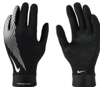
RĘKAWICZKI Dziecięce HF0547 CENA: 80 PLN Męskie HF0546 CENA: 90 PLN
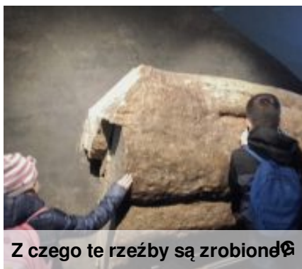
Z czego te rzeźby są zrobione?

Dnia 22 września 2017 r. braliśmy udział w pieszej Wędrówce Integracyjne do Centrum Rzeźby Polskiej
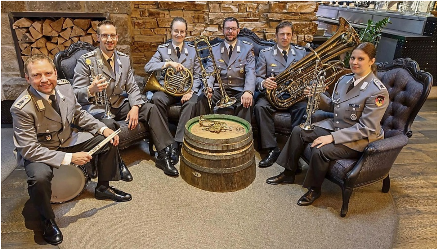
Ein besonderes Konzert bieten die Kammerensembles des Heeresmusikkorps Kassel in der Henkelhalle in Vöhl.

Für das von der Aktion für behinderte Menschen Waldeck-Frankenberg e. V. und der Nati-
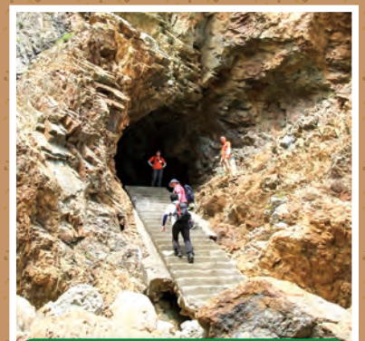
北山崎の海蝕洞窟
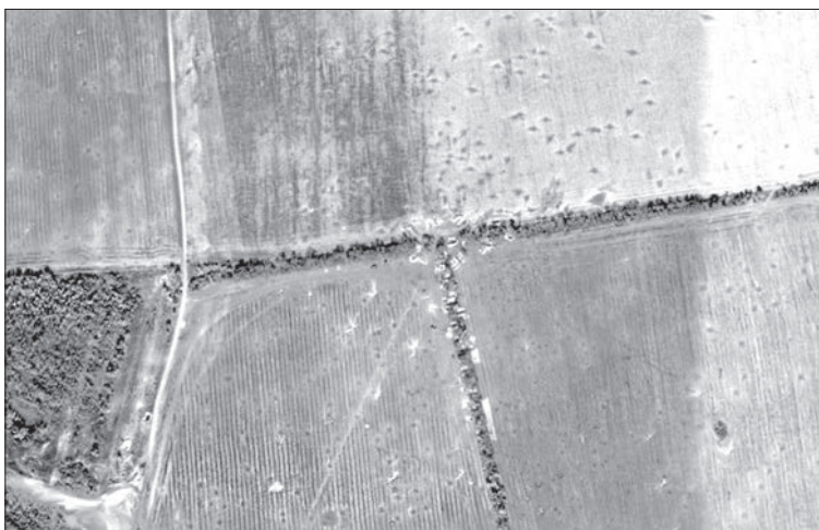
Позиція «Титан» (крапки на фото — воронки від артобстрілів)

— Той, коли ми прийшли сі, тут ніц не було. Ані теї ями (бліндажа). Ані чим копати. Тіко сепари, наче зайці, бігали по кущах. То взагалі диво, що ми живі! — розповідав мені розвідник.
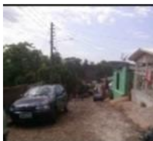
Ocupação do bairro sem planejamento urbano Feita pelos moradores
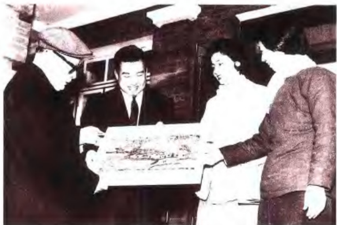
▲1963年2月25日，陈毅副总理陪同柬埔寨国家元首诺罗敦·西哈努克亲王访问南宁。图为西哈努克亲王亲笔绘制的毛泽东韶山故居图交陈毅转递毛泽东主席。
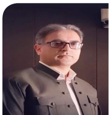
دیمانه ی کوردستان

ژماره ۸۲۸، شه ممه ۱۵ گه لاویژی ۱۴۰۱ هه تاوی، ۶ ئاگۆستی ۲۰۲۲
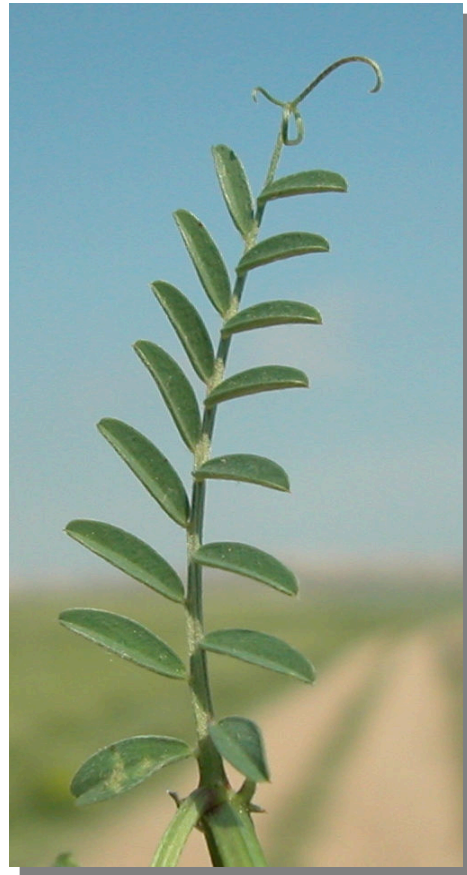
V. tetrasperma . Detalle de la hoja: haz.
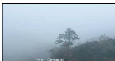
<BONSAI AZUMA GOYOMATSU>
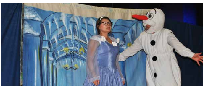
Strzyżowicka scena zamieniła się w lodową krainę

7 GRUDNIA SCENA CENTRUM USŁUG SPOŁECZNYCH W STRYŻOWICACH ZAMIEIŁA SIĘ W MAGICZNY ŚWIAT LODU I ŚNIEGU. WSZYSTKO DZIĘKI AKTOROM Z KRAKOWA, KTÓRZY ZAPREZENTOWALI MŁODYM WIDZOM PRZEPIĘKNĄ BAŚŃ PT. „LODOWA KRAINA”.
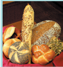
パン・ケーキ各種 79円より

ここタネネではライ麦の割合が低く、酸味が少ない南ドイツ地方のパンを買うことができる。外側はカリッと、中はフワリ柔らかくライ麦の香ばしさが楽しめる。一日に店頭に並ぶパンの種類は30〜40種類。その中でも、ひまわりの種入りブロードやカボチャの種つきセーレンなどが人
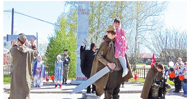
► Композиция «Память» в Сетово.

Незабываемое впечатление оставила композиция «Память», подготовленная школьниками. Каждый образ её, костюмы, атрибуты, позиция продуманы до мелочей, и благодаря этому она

● ● ●

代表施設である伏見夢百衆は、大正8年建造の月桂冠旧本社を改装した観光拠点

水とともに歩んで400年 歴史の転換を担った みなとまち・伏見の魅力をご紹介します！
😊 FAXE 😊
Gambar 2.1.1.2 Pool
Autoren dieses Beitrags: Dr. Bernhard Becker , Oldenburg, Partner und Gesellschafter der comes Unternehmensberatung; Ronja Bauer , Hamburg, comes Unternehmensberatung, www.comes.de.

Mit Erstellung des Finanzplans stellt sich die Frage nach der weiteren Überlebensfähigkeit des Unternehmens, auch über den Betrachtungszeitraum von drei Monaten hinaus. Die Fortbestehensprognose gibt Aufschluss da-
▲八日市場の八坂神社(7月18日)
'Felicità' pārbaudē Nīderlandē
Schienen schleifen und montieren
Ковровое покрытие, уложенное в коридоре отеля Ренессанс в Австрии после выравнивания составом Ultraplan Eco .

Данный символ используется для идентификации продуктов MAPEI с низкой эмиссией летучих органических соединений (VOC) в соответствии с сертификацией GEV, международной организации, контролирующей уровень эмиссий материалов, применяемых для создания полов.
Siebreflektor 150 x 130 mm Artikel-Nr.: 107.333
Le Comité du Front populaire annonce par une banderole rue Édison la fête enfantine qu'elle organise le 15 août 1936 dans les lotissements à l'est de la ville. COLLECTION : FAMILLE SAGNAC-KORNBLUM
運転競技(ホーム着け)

● ● ●

Copy everything above from the line holding "RĘKAWICZKI Dziecięce HF0547" down to the line holding "Ein besonderes Konzert", both ends included, exactly as it stands and without the pictures.

RĘKAWICZKI Dziecięce HF0547 CENA: 80 PLN Męskie HF0546 CENA: 90 PLN
Z czego te rzeźby są zrobione?

Dnia 22 września 2017 r. braliśmy udział w pieszej Wędrówce Integracyjne do Centrum Rzeźby Polskiej
Ein besonderes Konzert bieten die Kammerensembles des Heeresmusikkorps Kassel in der Henkelhalle in Vöhl.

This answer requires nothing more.